Türk-Alman ilişkilerinde yaşanan krizlerde etkili olan
faktörlerden biri de Almanya’dan Türkiye’ye yöneltilen demokrasi ve
insan hakları konularındaki suçlamalardır. Ankara tarafından bu tür
suçlamalar iç işlerine müdahalenin bir vesilesi olarak görüldüğü
için tepkiyle karşılanıyor.
İnsan hakları ve demokrasi gerekçe gösterilerek başta Cumhurbaşkanı
Erdoğan olmak üzere Türkiye yöneticilerine karşı başlatılan
eleştiriler zamanla karalama kampanyasına dönüştü. Önce medyanın
belli kesimleri ve marjinal bazı siyasetçiler tarafından başlatılan
bu kampanya zamanla genişleyerek medya ve siyaset dünyasının
neredeyse tamamına yayıldı.
Almanya tarafından demokrasi ve insan hakları alanında meşru
eleştiri olarak görülen, Türkiye tarafından ise iç işlerine
karışmanın aracı olarak bilinçli bir şekilde yürütülen karalama
kampanyası olarak nitelendirilen bu suçlamaların gerçek mahiyetini
anlamak için bazı sorular soralım.
Öncelikle Almanya’nın Türkiye politikasını şekillendirirken,
Türkiye’de demokrasi ve insan haklarının gelişmesini mi yoksa kendi
ekonomik ve güvenlik çıkarlarını mı göz önünde tuttuğu sorusunu
sormak gerekiyor. İkisi arasında bir çatışma söz konusu olduğunda
Berlin hangisini tercih ediyor?
Almanya, Türkiye politikasında hep insan hakları ve demokrasiyi
önceleyen bir politika mı izlemiştir? Örneğin 12 Eylül ve 28 Şubat
darbeleri sırasında demokrasiyi savunmak için şimdi olduğuna benzer
bir şekilde medya kampanyası yürütmüş müdür?

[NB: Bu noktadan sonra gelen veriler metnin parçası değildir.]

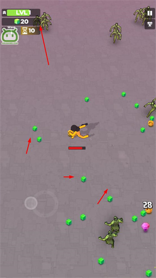2、在場(chǎng)景中會(huì)出現(xiàn)大量喪尸,玩家需要使用武器射擊喪尸,阻止其靠近,射擊過程中,會(huì)有傷害數(shù)值顯示,同時(shí)場(chǎng)景中會(huì)掉落綠色方塊等道具,可能是資源或增益物品。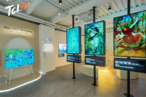 不仅如此,TCL A300系列第三代艺术电视更是全球第一批搭载AI绘画大模型的艺术电视,可在3秒钟内生成一幅专属定制的艺术画作。其搭载的哑光显示、抗强光反射的TCL华星艺术画布屏,更能高保真还原世界名画的笔触、线条,演绎科技与艺术的碰撞质感。此外,置身「艺术五感」展区,观众也可以领略到搭载了TCL华星星曜屏的TCL115吋X11G Max电视所带来的视觉体验。

Berlin’in dış politikası genel olarak insan hakları ve demokrasiyi
önceleyen bir çizgide midir? Çin, Rusya, Suudi Arabistan, Mısır ve
ABD gibi ülkelere karşı da bu gerekçelerle medya ve siyasetçilerin
yoğun katılımlarıyla karalama kampanyaları yürütülüyor mu?
Almanya’nın kendi içerisinde insan hakları alanında yaşanan
sorunlar ne düzeydedir? Her yıl başta Müslümanlar olmak üzere,
yabancıları hedef alan binlerce saldırının önlenmesi konusunda
Alman makamları neden yeterince çaba sarf etmiyor?
2016 yılında sadece sığınmacıları hedef alan 3 bin 533 saldırı
Alman polisince engellenemez miydi? Bu saldırılarda yaralanan 43’ü
çocuk 560 kişi insan haklarına sahip değil miydi? Bu ırkçı
saldırıları engellemekten aciz bir ülkenin başka ülkelere insan
hakları dersi vermesi ne kadar meşru?